Prime Cut of the Week: The Beleaguered Chargers’ O-Line Shuts the Steelers Down
At this point, the Chargers were actually happy to have an undrafted rookie left tackle, Kevin Haslem, available to start. And his bookend on the right side, Reggie Wells, was picked up off the scrap heap before the week. The interior of the line, however, was still the same nucleus of the 30th-ranked offensive line in the OHI.
Against a Steelers team fighting for its playoff life, the Chargers had
- 200 yards passing
- No interceptions
- One sack
- And a whopping 42 pass attempts
Despite Philip Rivers’ abysmal 4.76 YPA, the Bolts still convincingly won 34-24. Their offensive line showed up in a big way with a 2.33 NPP%. Norv Turner may have received a farewell gift of a game ball for his efforts, but that does not mean the Chargers are not fighting to put together some impressive game tape for the next regime.
Roasted Pork Butt: The Seahawks Throttle the Cardinals in the most Emasculating Way
First and foremost, the fact that the Seahawks ran over the Cardinals while averaging 6.76 YPA and staggering total of 284 yards. Secondly, although Arizona is the top team in defensive NPP%, they only managed an 8.70 mark against the Seahawks.
That is almost a full four points below the 12.66 NPP% that the Cardinals sported entering the game.
The Seahawks took the time to announce themselves as playoff contenders at the expense of any pride that the Cardinals might have left after a 58-0 loss. Their rookie bookend offensive tackles helped allow the Seahawks to wallop Cardinals quarterbacks into a 16.67 NPP% and Arizona only rushed for 2.69 YPA.
The Seahawks rose up five spots in the DHI after that performance.
And the Cardinals? Only two other times has a team played that poorly up front since 1997, and only once was it a team not from Arizona.
Best Worst Stat of the Week: The Vikings Plow Their Way to a Win
The Vikings passing game has been anything but stellar as of late, but offensive linemen take solace in the fact that poor passing means a heavy dose of run blocking. And when those linemen get to block for Adrian Peterson inexplicably running harder than he did before shredding his knee, they will road-grade their way to 171 yards, two touchdowns, and a victory.
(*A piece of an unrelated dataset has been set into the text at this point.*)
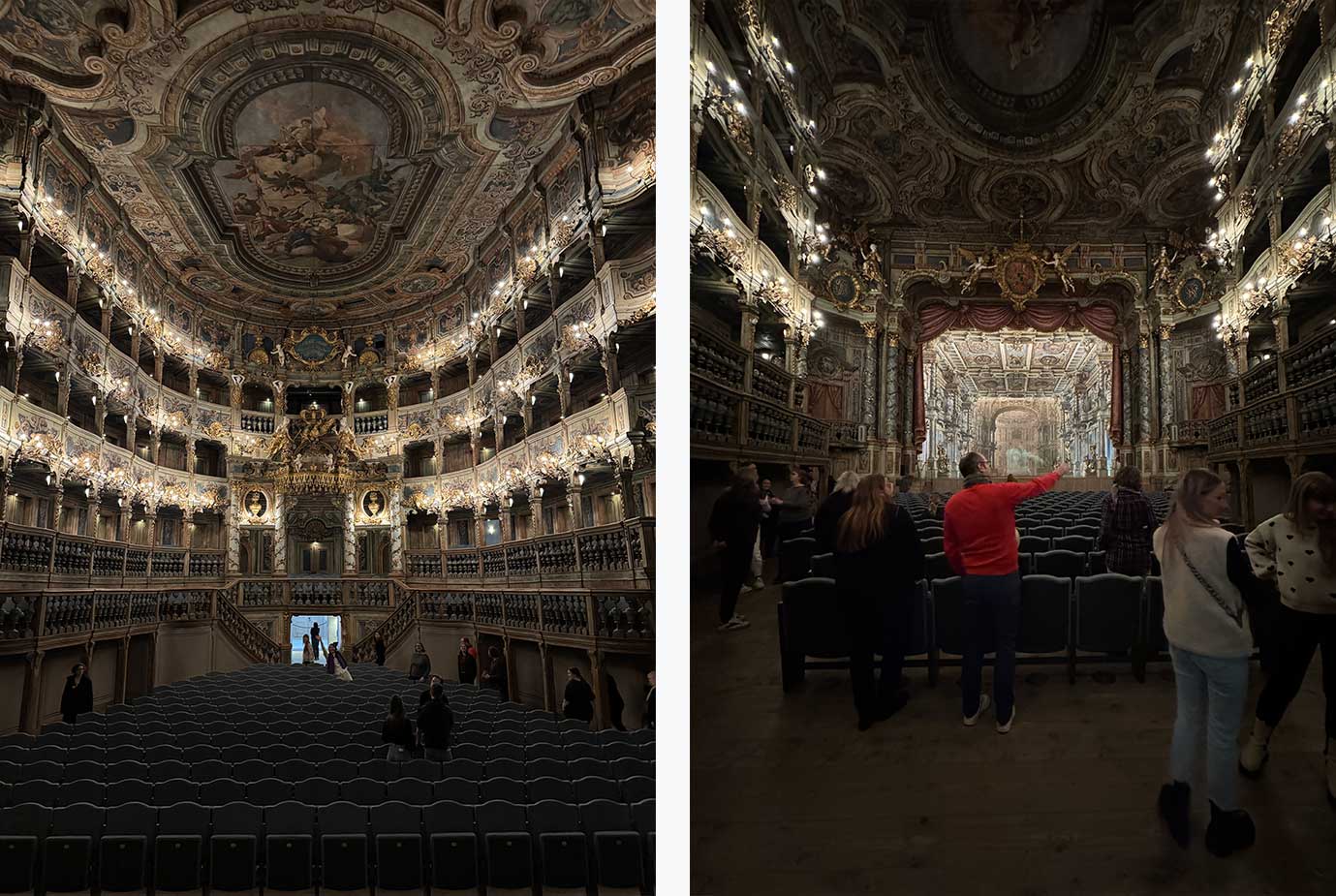 Den kulturellen Abschluss am Samstagmittag bildete der bestens geführte Besuch des berühmten Markgräflichen Opernhauses. Einmal direkt in der Fürstenloge dem Absolutismus nachspüren, auf der Bühne stehend die Fassadenkunst der gemalten Szenerien bestaunen und im modernen Museum selbst die Kulissen der barocken Theaterkunst in Bewegung setzen – manch einer empfand diesen Schluss- als Höhepunkt.

Of the four games that teams have won since 2009 in such a smash-mouth manner, three of the winners were unsurprisingly from the NFC North. Twice it was the Bears, but this time the Vikings set the Bears on the losing side of a team with such a listless aerial display.
Wins With Less Than 100 Yards, a Sack and an Int w/no TDs
Trench Warfare of Week 15: Giants at Falcons
Both of these teams are at opposite ends of the spectrum. The Falcons are currently 11-2 with a playoff spot wrapped up, while the Giants are 8-5 and holding on to a tenuous position atop the NFC East.
On the other hand, the Giants are coming off a 52-27 thrashing of the Saints, while the Falcons had quite the opposite experience against the Panthers.
Carolina’s offensive line is a patchwork affair, but the Falcons’ pass rush still only managed a microscopic 2.78 NPP%. Meanwhile, on the way to a 30-20 Carolina win, the Panthers rushed for 195 yards and 6.09 YPA, while the Falcons only mustered 3.18 YPA.
And the Giants 10.99 NPP% on the season is something surely in the back of Matt Ryan’s mind.
In the overall Cold, Hard Football Facts Quality Stats matchup, the Falcons just barely squeak out the advantage. The Falcons hope to see Sean Weatherspoon and William Moore back to disrupt Eli Manning and shut down the running game, and the Giants have altogether too many holes. After such a stinker, expect Atlanta to toughen up and show some toughness in the trenches on their home turf.